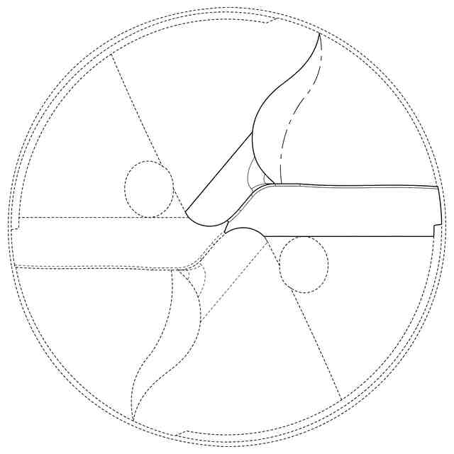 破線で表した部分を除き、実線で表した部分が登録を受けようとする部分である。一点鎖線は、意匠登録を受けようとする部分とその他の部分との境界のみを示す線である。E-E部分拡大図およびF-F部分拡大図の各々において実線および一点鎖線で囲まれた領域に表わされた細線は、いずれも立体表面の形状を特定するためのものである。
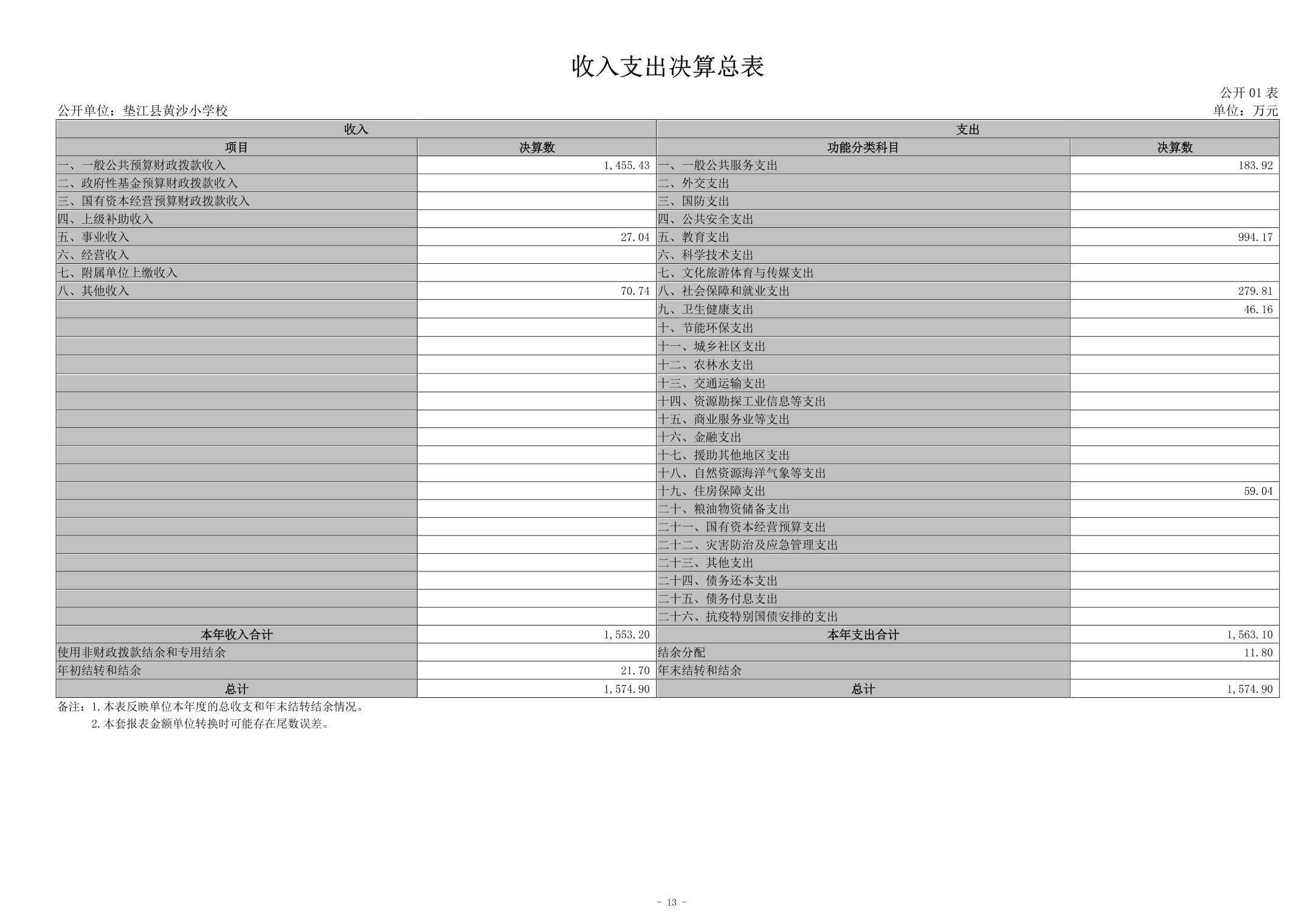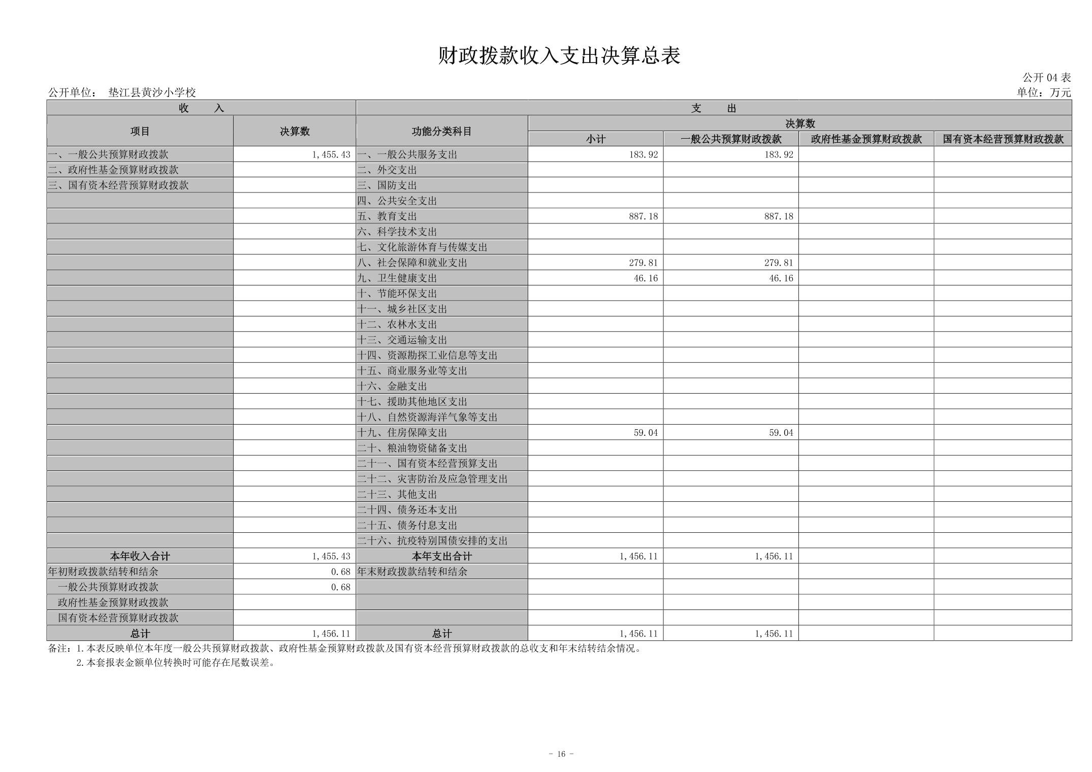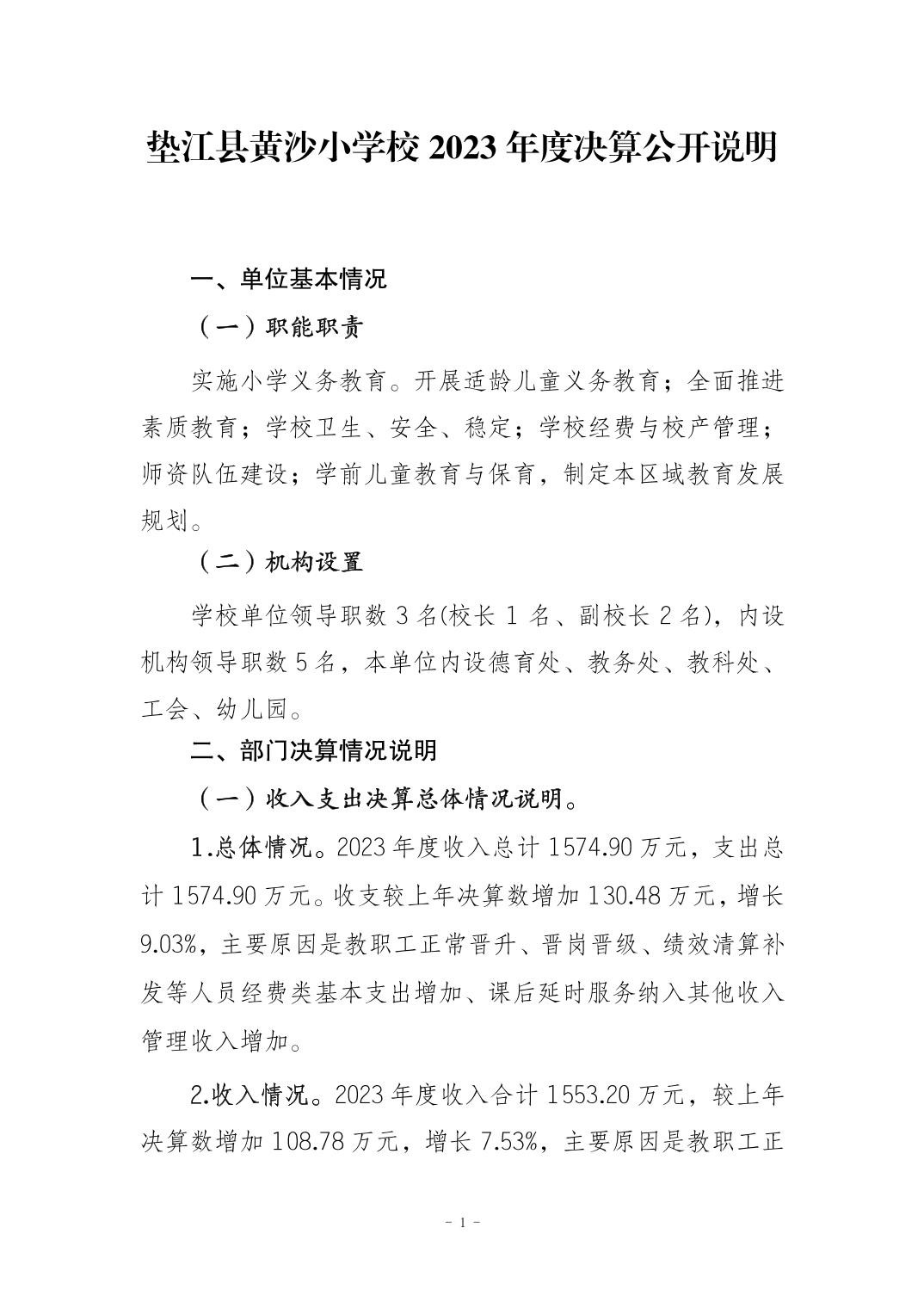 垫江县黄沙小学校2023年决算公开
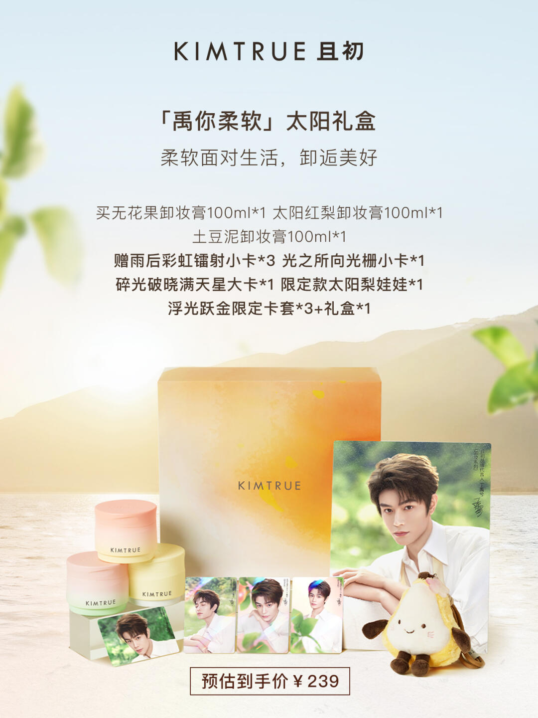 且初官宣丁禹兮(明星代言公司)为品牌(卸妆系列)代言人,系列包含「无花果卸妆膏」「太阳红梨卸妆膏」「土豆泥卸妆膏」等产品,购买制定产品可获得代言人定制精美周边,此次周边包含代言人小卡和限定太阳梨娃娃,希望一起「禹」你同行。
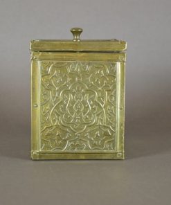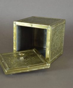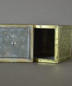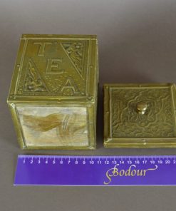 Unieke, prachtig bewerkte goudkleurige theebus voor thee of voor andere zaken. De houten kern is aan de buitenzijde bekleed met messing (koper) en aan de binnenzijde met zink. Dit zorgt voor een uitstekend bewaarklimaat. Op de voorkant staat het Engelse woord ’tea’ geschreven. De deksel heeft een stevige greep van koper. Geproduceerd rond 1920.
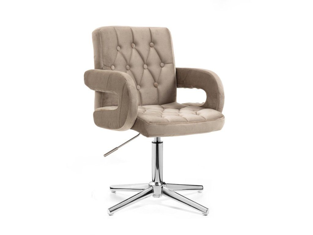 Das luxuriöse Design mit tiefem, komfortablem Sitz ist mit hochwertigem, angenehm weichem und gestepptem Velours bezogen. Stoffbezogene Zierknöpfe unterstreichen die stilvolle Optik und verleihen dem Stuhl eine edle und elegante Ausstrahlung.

**What to produce:**
In the records above, find the line containing "Unieke, prachtig bewerkte" and output every line from the first through that one, exactly, omitting pictures.

**Answer box:**
 破線で表した部分を除き、実線で表した部分が登録を受けようとする部分である。一点鎖線は、意匠登録を受けようとする部分とその他の部分との境界のみを示す線である。E-E部分拡大図およびF-F部分拡大図の各々において実線および一点鎖線で囲まれた領域に表わされた細線は、いずれも立体表面の形状を特定するためのものである。
 垫江县黄沙小学校2023年决算公开
 且初官宣丁禹兮(明星代言公司)为品牌(卸妆系列)代言人,系列包含「无花果卸妆膏」「太阳红梨卸妆膏」「土豆泥卸妆膏」等产品,购买制定产品可获得代言人定制精美周边,此次周边包含代言人小卡和限定太阳梨娃娃,希望一起「禹」你同行。
 Unieke, prachtig bewerkte goudkleurige theebus voor thee of voor andere zaken. De houten kern is aan de buitenzijde bekleed met messing (koper) en aan de binnenzijde met zink. Dit zorgt voor een uitstekend bewaarklimaat. Op de voorkant staat het Engelse woord ’tea’ geschreven. De deksel heeft een stevige greep van koper. Geproduceerd rond 1920.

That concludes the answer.